The Horse of Copinsay, also known as the Horse, is a rectangular uninhabited sea stack to the north east of Copinsay in the Orkney Islands, Scotland.

Name
The Norse were fond of zoomorphising smaller islands - for example, smaller islands lying off a larger one are often termed "Calf", e.g. Calf of Flotta, Calf of Man or even Calf of Cava (the latter a tautology). Some are even "hens", like the Hen of Gairsay. However "horses" are fairly rare. Coincidentally, the old name of Mainland, Orkney meant "horse island".

Geography and geology
Like most of the other islands of Orkney, the bedrock is Middle Old Red Randstone of Rousay type of the Devonian period, but much eroded and tilted.

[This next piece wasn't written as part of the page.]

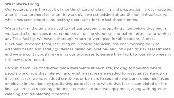 早在3月份,特斯拉便对每个工地进行了风险评估,考察员工如何工作、在哪里工作、他们如何互动,以及需要采取哪些措施来满足安全标准。

The islet is separated from Copinsay by Horse Sound, and to the southwest is Corn Holm. Mainland Orkney is due west, and Auskerry and Stronsay are much further to the north. The Horse is the easternmost of the southern Orkney islands.

The Blaster Hole is a sea jet, of the type known in the Northern Isles as a gloup. When a storm blows in from the east, the aptly named Blaster Hole can produce a spout of nearly  highly, solely by wave power.

Use
The tiny islet was used for grazing, and appears never to have been inhabited (although a number of the smaller islands were often used by culdee anchorites). Pigs and sheep were grazed here, but not horses as the name might suggest. As Haswell-Smith says:

"As with many small islands, the demand for grazing was so great that the islanders [of Copinsay] would carry sheep to the top of the Horse, but it was said that it could fatten one sheep, and feed two, but three would starve. In the Spring, pigs were also hoisted up to fatten on the huge 'crop' of sea-birds' eggs. The pigs' coarse hair was used to make the strong rope needed for fowling. 'Lee-running' was the local name for the organised collection of sea-birds' eggs, which was still practised on Copinsay in the 1940s."